# Blue prints as Purple... Help!!!



## Brian (May 18, 2007)

I was recently sent a photo(attached) and asked to print it on a sublimation cup. After printing on my Epson WF-7110 using Cobra's colour profile and sublimating it looked Purple. I printed the same image on my Oki C9300 and the image looked Blue. The customer wants the blue on the cups but i am unable to reproduce the colour for sublimation. Any suggestions?


----------



## MadeDesigns (Feb 19, 2013)

In order to receive correct color output on my Epson WorkForce 7110 I usually printed on premium presentation paper matte and on standard quality at high speed this allows me to print a good color red while other settings give me a pinkish shade of red maybe you can try that

also try converting the image to CMYK because that image looks like it is in RGB mode

Sent from my SM-G900T using T-Shirt Forums


----------



## freebird1963 (Jan 21, 2007)

No you want to design in RGB.


----------



## Dekzion (May 18, 2015)

I design most stuff in rgb and flick to cmyk to see how it'll come out, if it's not right I alter the cmyk. works for me.
the purple deff looks cmyk.


----------



## Kiwo Tech (Nov 20, 2015)

It's printed in cmyk in equal parts after 35 years printing offset I can tell you the magenta is too strong, in offset we will switch magenta to print before cyan for more blue tone, if magenta is printed after cyan it will look purple, in digital print it needs to be specified in the file.
So convert to cmyk and specify the colour values.
Usually this colour is 100% cyan and 100% magenta, try making magenta 80%.
Use Pantone process charts to find specific colour that u need.


----------



## krikster (Aug 8, 2013)

The way we did things for our dye sub printing is printed all the pms colors in the chart, dye subed the material and we match up our designs with those colors so we get the best match.
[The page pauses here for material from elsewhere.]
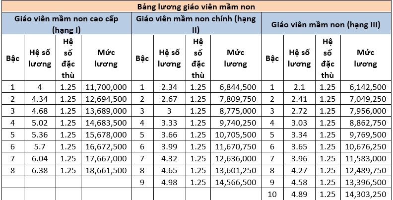 Below is the salary table for preschool teachers in 2026, applying a special salary coefficient according to the draft Decree regulating salary policies and allowances for teachers:

They never come out like the screen version, but printing and matching to the finished product is the best for color matches. I can also tweak the cmyk values if needs be after seeing what the color normally will print like on the finished product.


----------



## Dekzion (May 18, 2015)

krikster said:


> The way we did things for our dye sub printing is printed all the pms colors in the chart, dye subed the material and we match up our designs with those colors so we get the best match. They never come out like the screen version, but printing and matching to the finished product is the best for color matches. I can also tweak the cmyk values if needs be after seeing what the color normally will print like on the finished product.


Thats what we did for safety yellow vests and some buff poly material, it works out great,


----------